Alim Almat - Kazakistan:
“İnsan hayvanlaşıyor mu desem?“
“-Benim kaldığım kampta 80 bin kişiydik. 80 bin kişiden 6 ay zarfında 3 bin kişi kaldık açlıktan. Elinle başını şöyle bir tuttuğun zaman elinde kalıyor bitler. Orada tifüs hastalığına yakalandım. Tifüs hastalığında 14 güne kadar yaşabiliyorsun!.. Günde 50-100 kişiyi arabalarla taşıyıp, çukura atıp gömüyorduk. Acayip bir şey oluyor insan; yanındaki ölmüş, onun üzerindekini alıp kendi üzerine örtüyorsun, oralı bile değilsin. İnsan hayvanlaşıyor mu ne deyim?..”
Musa Ramazan - Kafkasya:
“Onlara çikolata bile verdiler”
“- Stalin, “Benim esirlerim yok, onlar vatan hainidir!” demişti. Sonra da Kızılhaç’tan ayrıldı. Biz gördük ki İngilizler’in, Amerikalılar’ın pilotları esir kamplarında uluslararası kuruluşlardan her şeyi buluyordu; çikolatasına kadar... Onlara doktor da veriyorlardı. Bizde ne yemek ne de doktor vardı."
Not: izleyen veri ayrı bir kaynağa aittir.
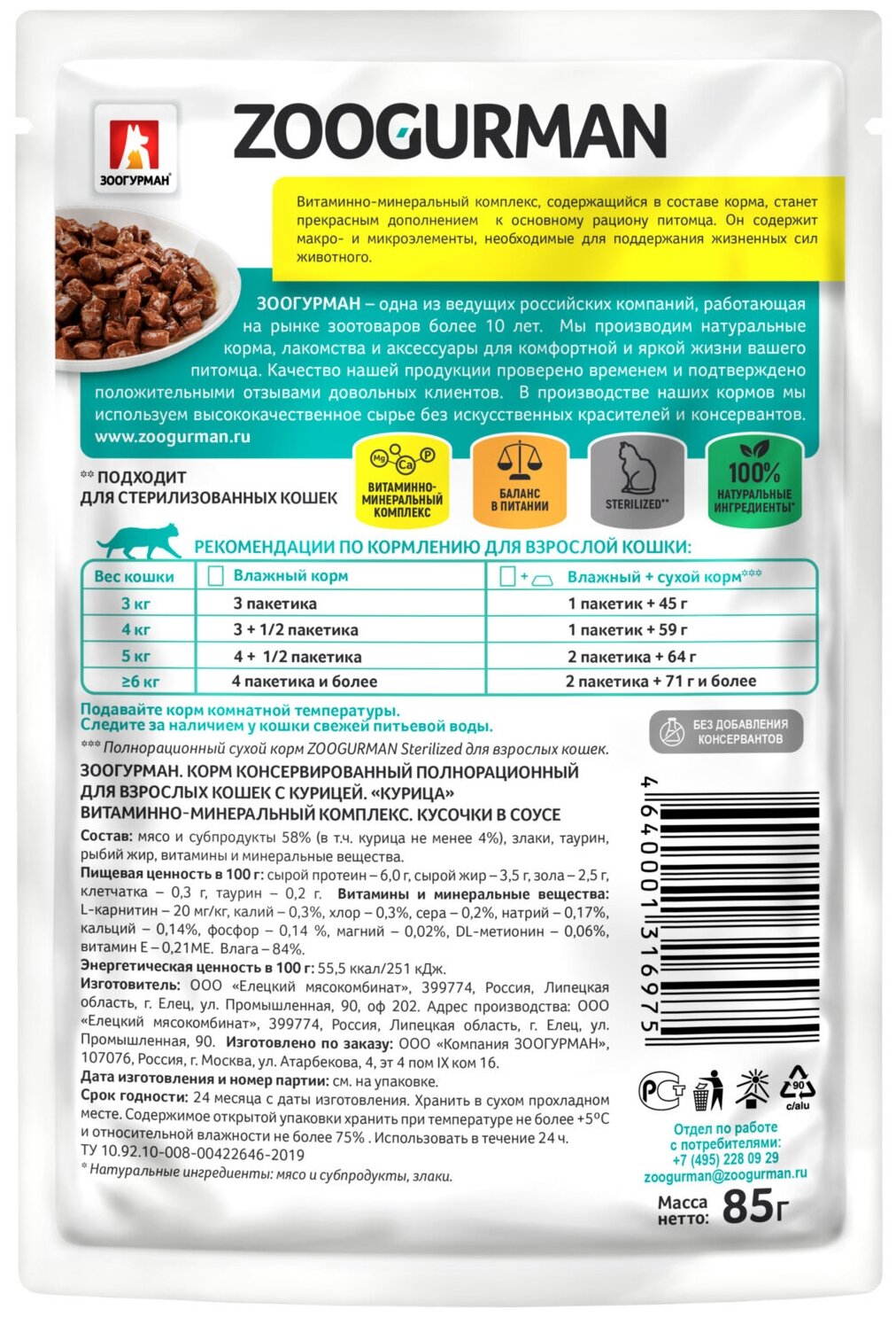 Купить Влажный корм zoogurman для стерилизованных кошек курица кусочки в соусе 85г 6975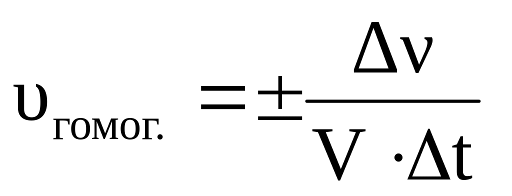 Гомогенная реакция протекает во всем объеме системы и ее скорость зависит от объема системы.

Hüseyin İkramhan – Özbekistan:
Otlar bile ölüm sundu
“- Bahar zamanı yeşillikler yetişiyor. Esirler, aç oldukları için o yeşilliklerden yiyor ve yürüyüp barakaya geldikten sonra acıyla bağırıyorlardı. Çünkü o otlar, mideyi ezerek tamamen parçalıyordu. Böyle bağıra bağıra ölenler oldu.”
Sefer Aymergen – Kuzey Kafkasya:
“Esir sayısı yürüdükçe azalıyordu”
“- Sabahleyin baktık öbek öbek kar kaplamış. Yürüyen harekete geçiyor, nöbetçiler arkadan geliyor. O karın üzerinde kafasına vuruyor tekmeyle, dipçikle birer kurşun sıkıyor. Neymiş o numara yapıyormuş da oradan kalkıp partizanlara kaçacakmış. Halbuki adam…. Böyle iki gece, üç gün dağlarda kaldık. Oraya biz giderken tahmini 15-16 bin Rus esiri vardık. Çekoslovakya’ya gittiğimizde 2 bin 500 kişi vardık.”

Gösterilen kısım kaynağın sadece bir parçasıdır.